Republicans on the House Oversight and Government Reform Committee, led by current ranking member Darrell Issa of California, spent much of their energy and most of their allotted time that day mocking Clemens’ accuser and former personal trainer, Brian McNamee.


“Shame on you,” Issa said at the end of one contentious exchange – and that was soon after his colleague, Chris Shays of Connecticut, called McNamee a cheat, a liar and just for good measure “a drug dealer.”


So although Clemens isn’t the only one who said something regrettable that day, he’s the one who’s going to pay.


He faces up to five years in prison on each of six charges and a $1.5 million fine. His reputation is already shot, he rarely turns up in public, and he’s already transferred enough personal wealth to his country lawyer, Rusty Hardin, to have a set of chairs named after him at a law school.

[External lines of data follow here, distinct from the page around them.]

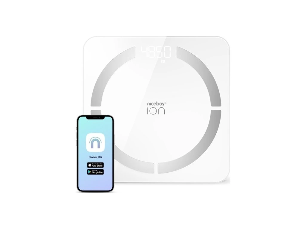 Chytrá osobní váha Niceboy ION SmartScale je schopna měřit 12 tělesných parametrů avytvořit profily až osmi osob. Váhu je možné propojit s mobilní aplikací Niceboy ION. Váhanabízí možnost uložit si data o vašem věku, výšce i pohlaví a díky propojení s aplikací pakmůžete zaznamenávat své úspěchy v ro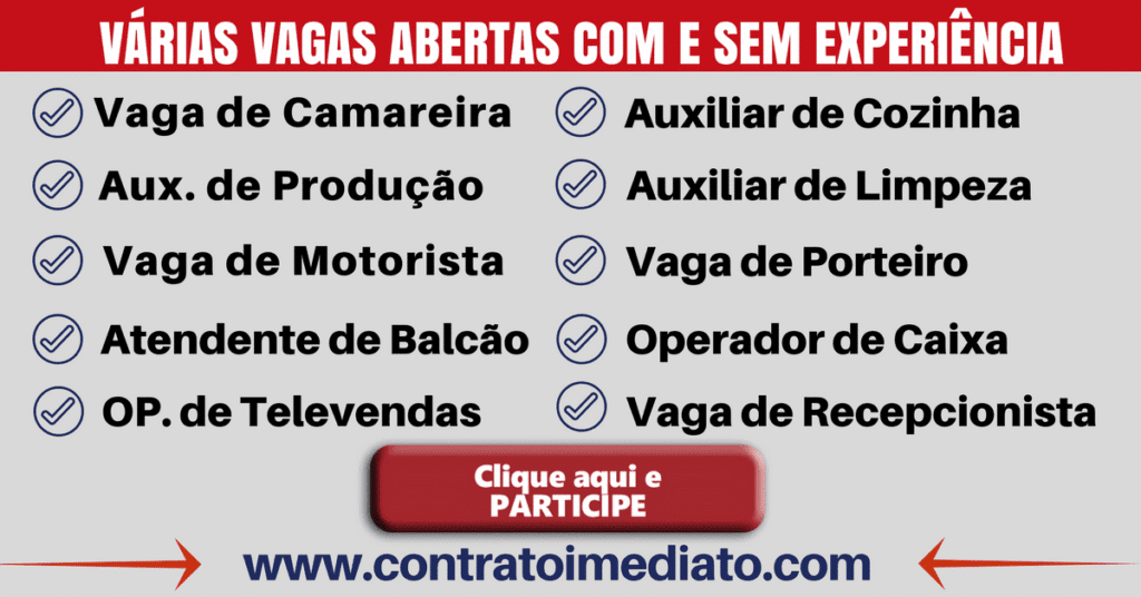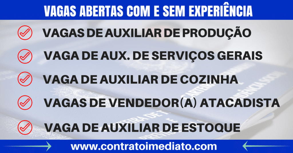 Vaga de Auxiliar de Produção Descrição: Masculino/Feminino com ou sem experiencia. Para trabalhar em uma Serigrafia. Atividades: acabamentos gráficos, […]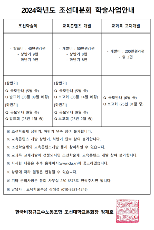 2024학년도 조선대분회 학술사업안내 페이지 정보 작성자 조선대분회 작성일24-05-21 08:53 조회778회 댓글0건 이전글 다음글 목록 본문 2024학년도 조선대분회 학술사업안내 댓글목록 등록된 댓글이 없습니다. 이전글 다음글 목록

Speaking of which: Whether Hardin was truly advising his client or just rubber-stamping Clemens’ hare-brained schemes, his legal strategy should become a case study.


In short order, Clemens broadcast a secretly recorded phone conversation with McNamee that made him sound like a mob enforcer, dared Congress to make a federal case out of it, and doubled down by insisting everybody else either “misheard” or “misremembered” what he said and did. Then they filed a defamation lawsuit, only to jog McNamee’s memory about a few syringes and bandages he’d stashed away with—he claims—Clemens’ DNA all over them.

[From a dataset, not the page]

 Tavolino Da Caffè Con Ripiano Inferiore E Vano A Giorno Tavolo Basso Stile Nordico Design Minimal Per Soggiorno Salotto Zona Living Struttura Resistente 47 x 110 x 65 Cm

Since things can only get worse for Clemens, and keeping in mind that Barry Bonds’ latest prosecution still looms, it’s worth asking how much more good money the feds should be throwing after the bad. If the goal is to rid sports of cheaters, it’s just not going to happen.


Clemens certainly took it to another level by lying to Congress. But as Lynn Westmoreland of Georgia, another Republican member of the committee pointed out that day, “If we called everyone in sports accused of using steroids before this committee, we’d have to shut this place down. That’s not our role in this process, and I hope this show trial teaches us that very important lesson.”


Not entirely.


Unless Clemens gets smart and decides to cut his losses, there’s going to be another, even more expensive show trial, this time in federal court. Even if the government wins on every count, the public interest is hardly served by providing three squares and a scratchy new home uniform to a millionaire ballplayer.


What prosecutors should do instead is offer Clemens a plea deal he can’t resist, but make it prohibitively expensive. We came up with a proposal two weeks after his appearance before Congress, right around the time committee members called in the FBI to sort out the “he-said, he-said” testimony.


Let some government accountant come up with a spreadsheet breaking out how much of Clemens’ earnings can be tied to his use of performance-enhancers. Then double it, plow the money back into testing, research and a smart ad campaign against PED use, and include a few hundred hours of community service.


Clemens isn’t the first ballplayer to lie, nor will he be the last. But the most efficient way to get the truth out is turning him into a cautionary tale about how much cheaper it turns out to be sooner rather than later.